## INSTRUCTIONS TO FOLLOW
Reproduce the listing below character for character; drop every image.

===== PROVIDED DATA =====

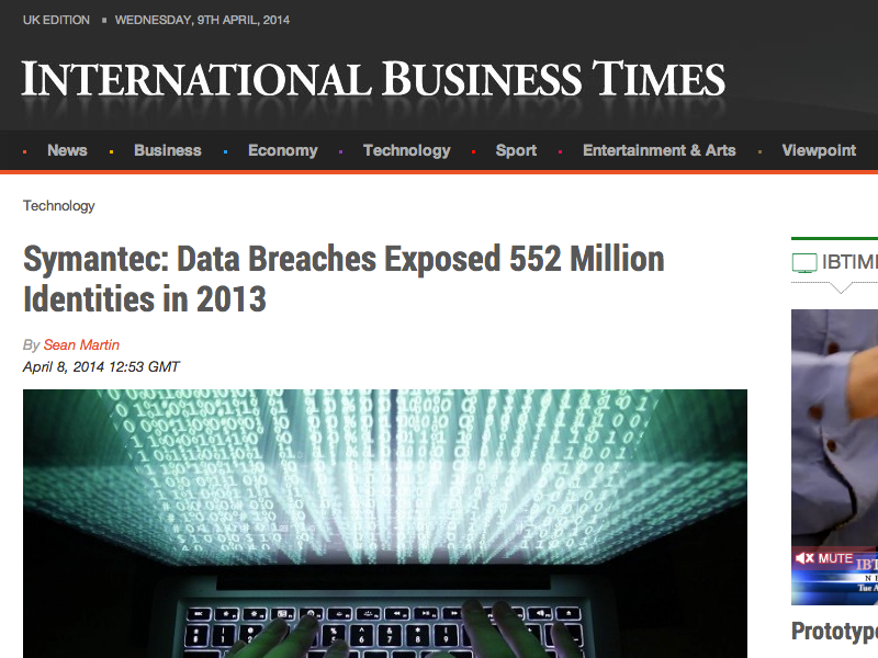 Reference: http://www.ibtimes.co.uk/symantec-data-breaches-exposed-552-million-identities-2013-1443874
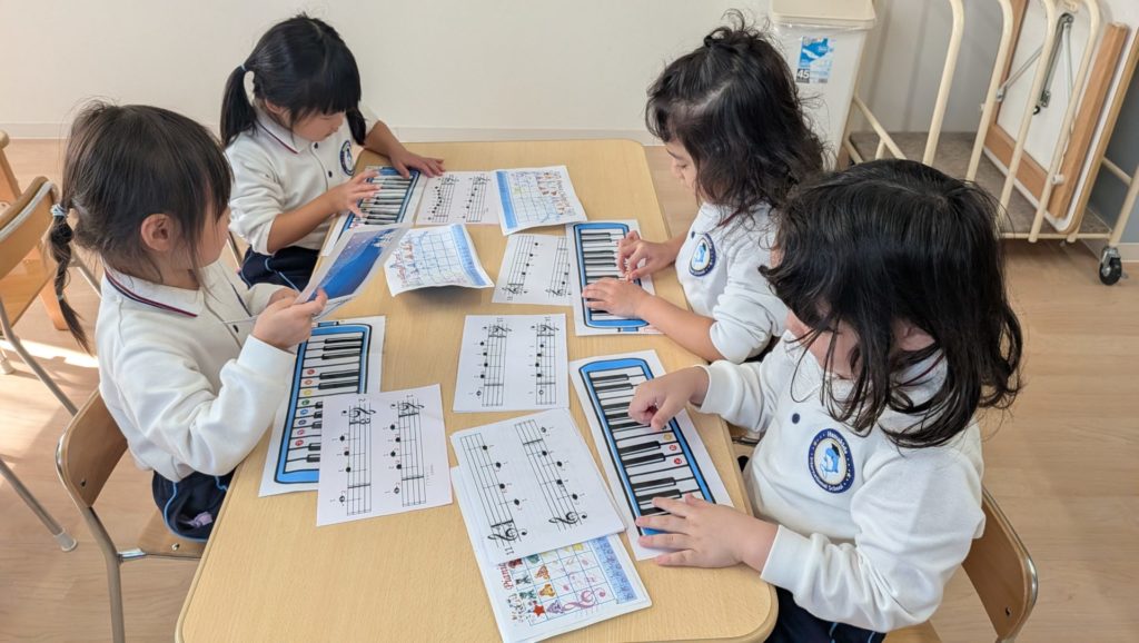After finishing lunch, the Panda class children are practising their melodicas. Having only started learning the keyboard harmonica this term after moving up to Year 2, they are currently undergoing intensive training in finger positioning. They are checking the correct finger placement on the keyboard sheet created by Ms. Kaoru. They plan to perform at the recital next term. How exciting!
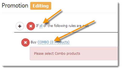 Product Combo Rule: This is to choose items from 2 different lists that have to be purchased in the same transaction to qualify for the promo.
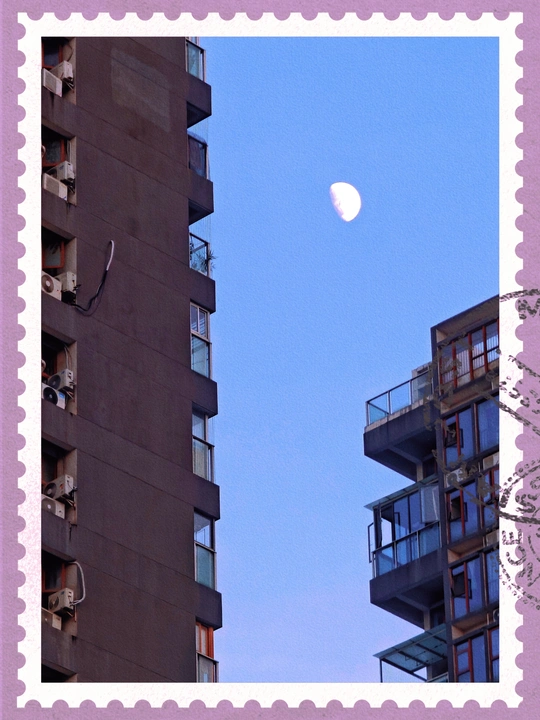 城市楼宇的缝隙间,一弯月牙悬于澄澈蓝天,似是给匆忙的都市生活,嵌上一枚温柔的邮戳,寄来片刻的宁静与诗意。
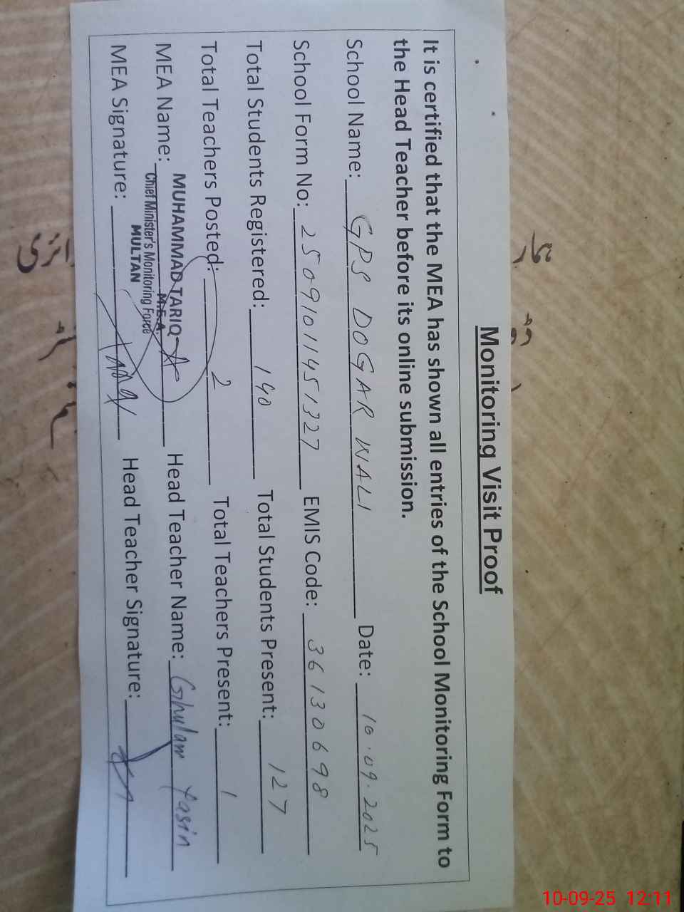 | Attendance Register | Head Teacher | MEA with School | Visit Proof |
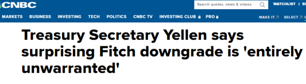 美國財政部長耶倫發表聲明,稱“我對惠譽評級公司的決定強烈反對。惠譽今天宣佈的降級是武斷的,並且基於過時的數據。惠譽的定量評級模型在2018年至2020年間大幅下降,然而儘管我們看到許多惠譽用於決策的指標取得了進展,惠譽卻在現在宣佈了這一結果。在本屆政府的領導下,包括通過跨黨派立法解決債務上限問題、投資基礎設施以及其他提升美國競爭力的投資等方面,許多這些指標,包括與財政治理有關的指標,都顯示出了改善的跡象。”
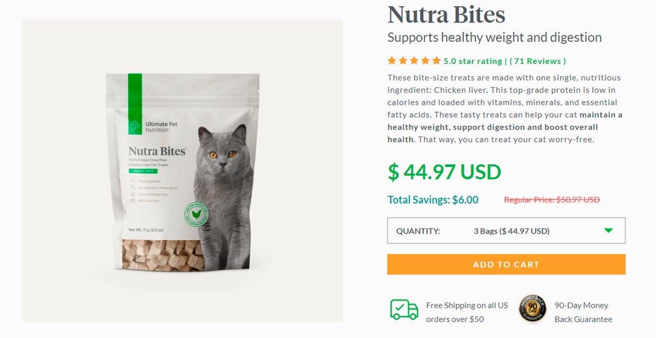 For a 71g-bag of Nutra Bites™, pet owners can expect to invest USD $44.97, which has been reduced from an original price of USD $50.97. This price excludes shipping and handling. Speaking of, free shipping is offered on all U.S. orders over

=====

## OUTPUT OF THE TASK
 Reference: http://www.ibtimes.co.uk/symantec-data-breaches-exposed-552-million-identities-2013-1443874
After finishing lunch, the Panda class children are practising their melodicas. Having only started learning the keyboard harmonica this term after moving up to Year 2, they are currently undergoing intensive training in finger positioning. They are checking the correct finger placement on the keyboard sheet created by Ms. Kaoru. They plan to perform at the recital next term. How exciting!
 Product Combo Rule: This is to choose items from 2 different lists that have to be purchased in the same transaction to qualify for the promo.
 城市楼宇的缝隙间,一弯月牙悬于澄澈蓝天,似是给匆忙的都市生活,嵌上一枚温柔的邮戳,寄来片刻的宁静与诗意。
 | Attendance Register | Head Teacher | MEA with School | Visit Proof |
 美國財政部長耶倫發表聲明,稱“我對惠譽評級公司的決定強烈反對。惠譽今天宣佈的降級是武斷的,並且基於過時的數據。惠譽的定量評級模型在2018年至2020年間大幅下降,然而儘管我們看到許多惠譽用於決策的指標取得了進展,惠譽卻在現在宣佈了這一結果。在本屆政府的領導下,包括通過跨黨派立法解決債務上限問題、投資基礎設施以及其他提升美國競爭力的投資等方面,許多這些指標,包括與財政治理有關的指標,都顯示出了改善的跡象。”
 For a 71g-bag of Nutra Bites™, pet owners can expect to invest USD $44.97, which has been reduced from an original price of USD $50.97. This price excludes shipping and handling. Speaking of, free shipping is offered on all U.S. orders over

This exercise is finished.